L’approccio rispettoso
Quello di Occhiali neri, che doveva rappresentare il grande ritorno di Dario Argento a distanza di 9 anni e 3 mesi dall’uscita dell’inguardabile Dracula 3D, è purtroppo un buco nell’acqua. L’approccio “rispettoso” porterebbe però a sottolineare la bella fotografia di Matteo Cocco, la gamma di colori che variano con l’avanzare della storia, e i sempre ottimi effetti speciali di Sergio Stivaletti. E poi ancora l’idea forse “sorprendente” di un Argento diverso, che costruisce un giallo per metà “selvatico”, senza spargere ettolitri di sangue, senza commistioni soprannaturali ed inserendo nella sua storia, come da lui stesso dichiarato, elementi nuovi quali tenerezza e sentimento.

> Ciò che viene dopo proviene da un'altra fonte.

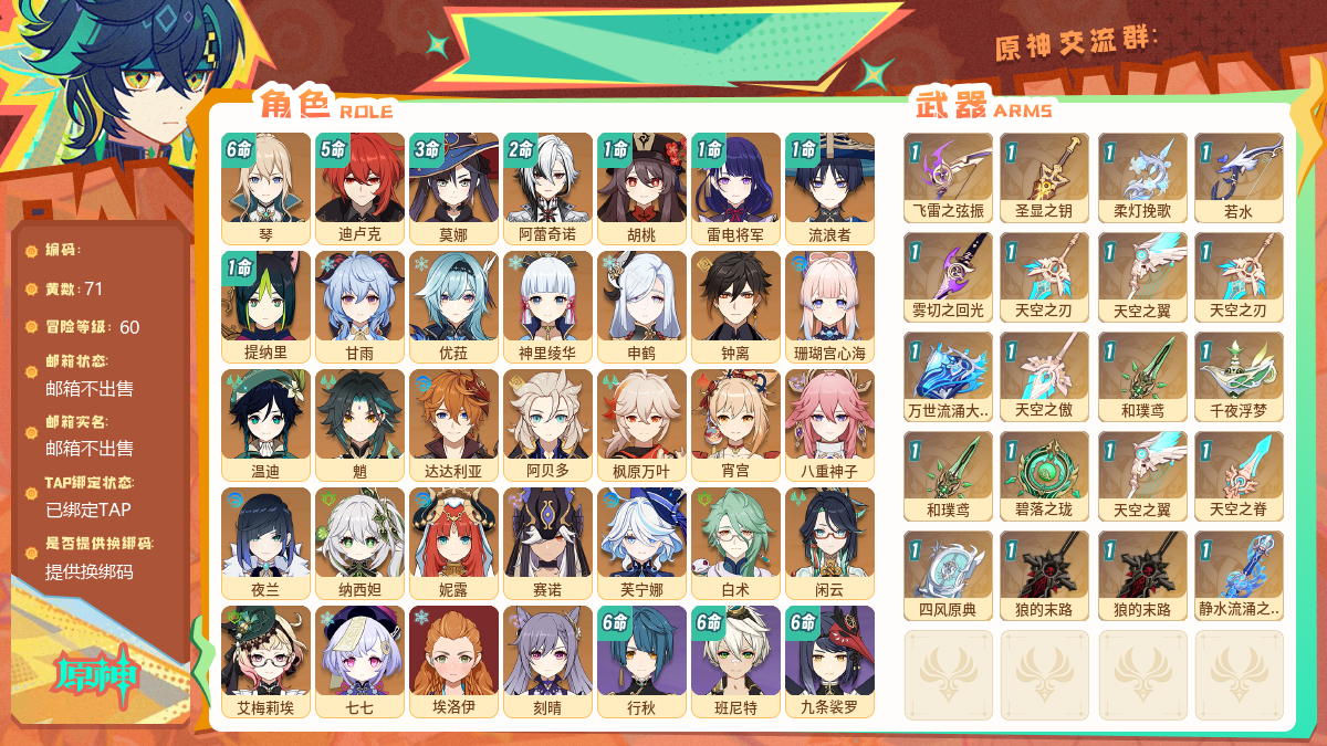 【游戏多多】 【i90ro2b1a】60级,71黄,女主,25个五星角色:4命夜兰 4命刻晴 3命迪卢克 3命芙宁娜 2命七七 2命莫娜 2命提纳里 1命琴 1命达达利亚 1命玛薇卡 1命迪希雅 神里绫华 温迪 钟离 胡桃 枫原万叶 雷电将军 珊瑚宫心海 申鹤 纳西妲 希诺宁 八重神子 那维莱特 茜特菈莉 埃洛伊,17个五星武器:精3天空之脊 精2和璞鸢 精2护摩之杖 精2四风原典 精2天空之傲 精1最初的大魔术 精1岩峰巡歌 精1神乐之真意 精1若水 精1天空之翼 精1万世流涌大典 精1焚曜千阳 精1千夜浮梦 精1雾切之回光 精1薙草之稻光 精1天空之刃 精1息灾,时装:叶隐芳名 极夜真梦 倩影游侠 雨化竹身 帆影游风 炽绘奇旅 闪耀协奏 岁夜欢哗 纱中幽兰 花时来信,纠缠之源 0,原石 1764,圣遗物 475【邮箱不出售】【邮箱不出售】【官方截图】

C’è anche qualche guizzo registico, come nella sequenza dell’inseguimento che porterà al fatale incidente e soprattutto nella carpenteriana scena iniziale dell’eclisse solare, in cui echeggiano atmosfere alla Il signore del male. E come non considerare il simbiotico rapporto con il cane, degno protagonista della catarsi finale? Inoltre la presentazione fuori concorso al Festival di Berlino con tanto di calorosissima accoglienza e recensioni internazionali positive, fanno il resto. Voto “rispettoso” 6 (due stelle e mezza)

L’approccio del fan
L’approccio da “fan” porterebbe invece a scrivere inutili paragrafi sulle autocitazioni presenti, a cominciare dal primo omicidio (che rimanda a Suspiria), e poi lo stretto legame con gli animali (vedi Phenomena) e il nome non casuale di Diana (dea della caccia, protettrice degli animali), e ancora la cecità, più volte esplorata nel cinema argentiano (dall’enigmista Karl Malden de Il gatto a nove code al pianista Flavio Bucci di Suspiria, omaggiato nel finale “canino”), fino alla musica martellante, altro marchio di fabbrica del regista romano. O magari altre citazioni sparse, dal classicissimo La morte corre sul fiume in poi. E poi c’è Asia, una volta tanto in un ruolo “normale”, con tanto di folta chioma che le dona una impressionante somiglianza alla compianta mamma Daria Nicolodi, cosa che appare come un evidente omaggio.
Tutte bricioline che, alla fine della fiera (delle illusioni), risultano davvero di poco conto e fini a se stesse, ma che per il fan più sfegatato o per certi critici automasturbatori si trasformano inesorabilmente nella pagliuzza che non permette di vedere la trave nell’occhio (tanto per evocare un’immagine tanto cara all’indimenticabile Lucio Fulci). Il tutto senza contare che attuando il discorso che i film di Argento non si possano paragonare al resto della cinematografia italiana e mondiale, allora, come si dice a Roma “è bono tutto”. Compresa la forse “tafazziana” scelta di Ilenia Pastorelli come protagonista che, nella dinamica di un film simile, finisce quasi per essere l’elemento meno problematico. Voto da “fan” 6.5 (tre stelle)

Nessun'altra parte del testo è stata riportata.